Copy out the data in full and exactly, passing over the pictures.
(Material provided Opens)
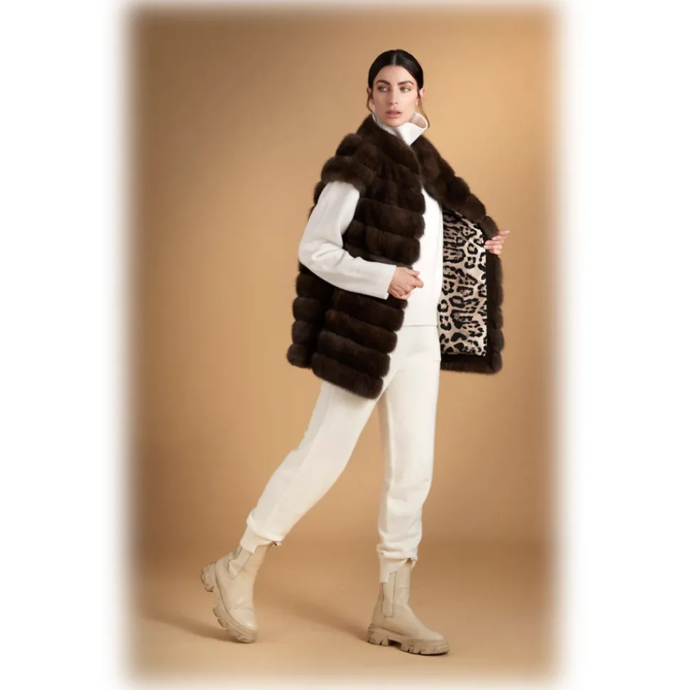 Barguzinsky Russian sable, with a natural dark brown color, is worked horizontally to create an enveloping and rich structure. The closure with fur hooks offers a touch of refinement to the fit.
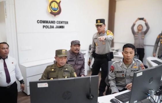 JAMBI,BITNews.id – Kapolda Jambi Irjen Pol Krisno H. Siregar bersama Gubernur Jambi Al Haris dan unsur Forum Koordinasi Pimpinan Daerah (Forkopimda) meninjau langsung layanan Call Center Polri 110 di Gedung Siginjai Mapolda Jambi, usai apel gelar pasukan Operasi Lilin 2025 pengamanan Natal dan Tahun Baru, di Lapangan Hitam Mapolda Jambi.
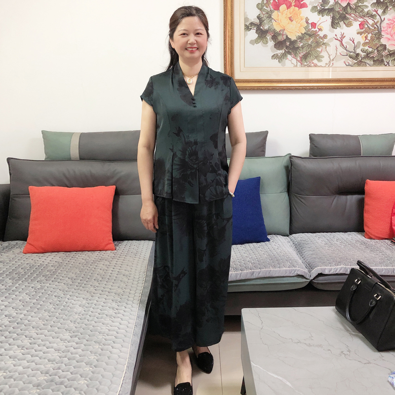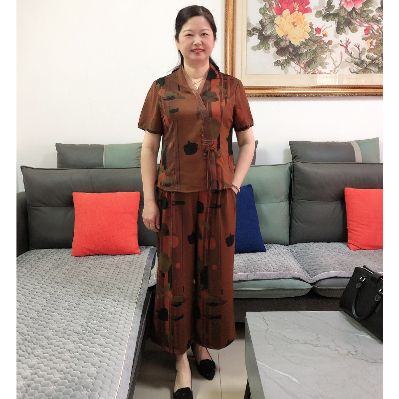 | nameOriginal | Temperament middle-aged mother summer suit 2024 new 50-year-old women's short sleeve jacket foreign style two-piece suit |
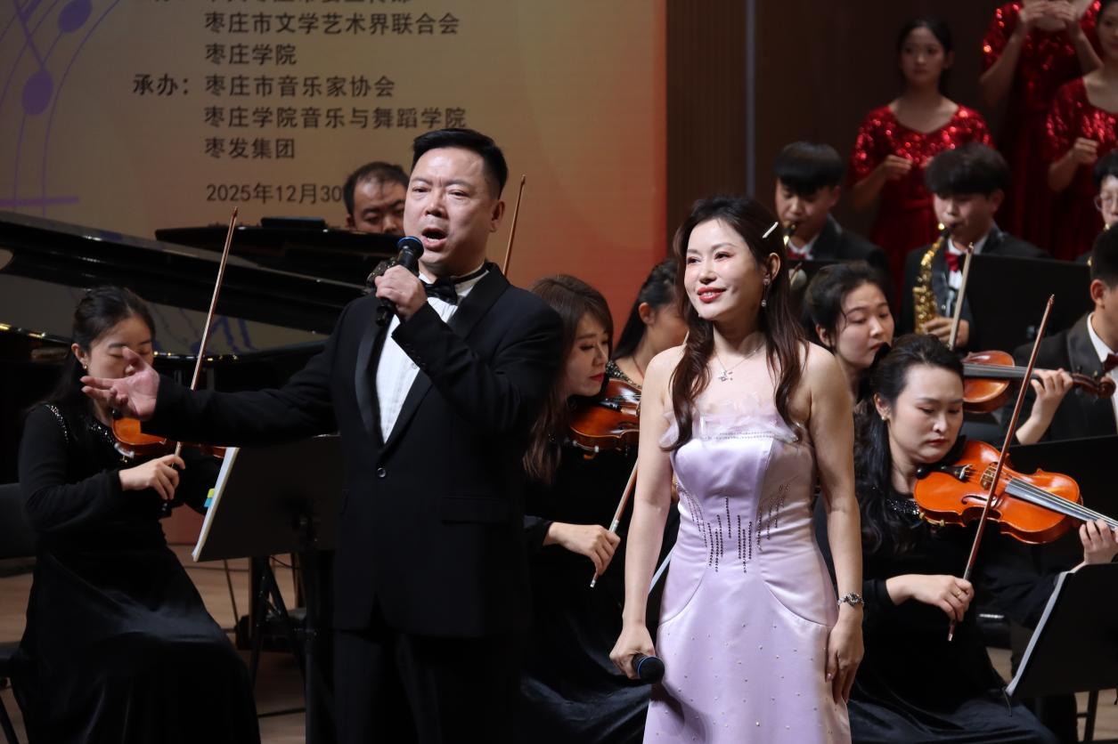 本次音乐会由中共枣庄市委宣传部、枣庄市文学艺术界联合会、DB中国旗舰官方网站联合主办,枣庄市音乐家协会、DB中国旗舰官方网站音乐与舞蹈学院、枣发集团共同承办,包括“荣耀征程、歌里枣庄、共筑辉煌”三大篇章。第一篇章“荣耀征程”中,交响乐《北京喜讯到边寨》以浓郁的民族风格和活泼节奏,勾勒出各族群众欢庆胜利的热闹场景;歌曲《当那一天来临》唱出了担当使命的坚定与对未来的信心;《钢铁洪流进行曲》恢宏大气的曲风,恰如枣庄“强工兴产、转型发展”的强劲脉动,令人心潮澎湃。《鼓浪屿之波》的深情眷恋、《外婆的澎湖湾》的温暖怀旧,让观众在熟悉的旋律中回味岁月温情。
(Material provided Closes)
Answer to this task:
 Barguzinsky Russian sable, with a natural dark brown color, is worked horizontally to create an enveloping and rich structure. The closure with fur hooks offers a touch of refinement to the fit.
 JAMBI,BITNews.id – Kapolda Jambi Irjen Pol Krisno H. Siregar bersama Gubernur Jambi Al Haris dan unsur Forum Koordinasi Pimpinan Daerah (Forkopimda) meninjau langsung layanan Call Center Polri 110 di Gedung Siginjai Mapolda Jambi, usai apel gelar pasukan Operasi Lilin 2025 pengamanan Natal dan Tahun Baru, di Lapangan Hitam Mapolda Jambi.
 | nameOriginal | Temperament middle-aged mother summer suit 2024 new 50-year-old women's short sleeve jacket foreign style two-piece suit |
 本次音乐会由中共枣庄市委宣传部、枣庄市文学艺术界联合会、DB中国旗舰官方网站联合主办,枣庄市音乐家协会、DB中国旗舰官方网站音乐与舞蹈学院、枣发集团共同承办,包括“荣耀征程、歌里枣庄、共筑辉煌”三大篇章。第一篇章“荣耀征程”中,交响乐《北京喜讯到边寨》以浓郁的民族风格和活泼节奏,勾勒出各族群众欢庆胜利的热闹场景;歌曲《当那一天来临》唱出了担当使命的坚定与对未来的信心;《钢铁洪流进行曲》恢宏大气的曲风,恰如枣庄“强工兴产、转型发展”的强劲脉动,令人心潮澎湃。《鼓浪屿之波》的深情眷恋、《外婆的澎湖湾》的温暖怀旧,让观众在熟悉的旋律中回味岁月温情。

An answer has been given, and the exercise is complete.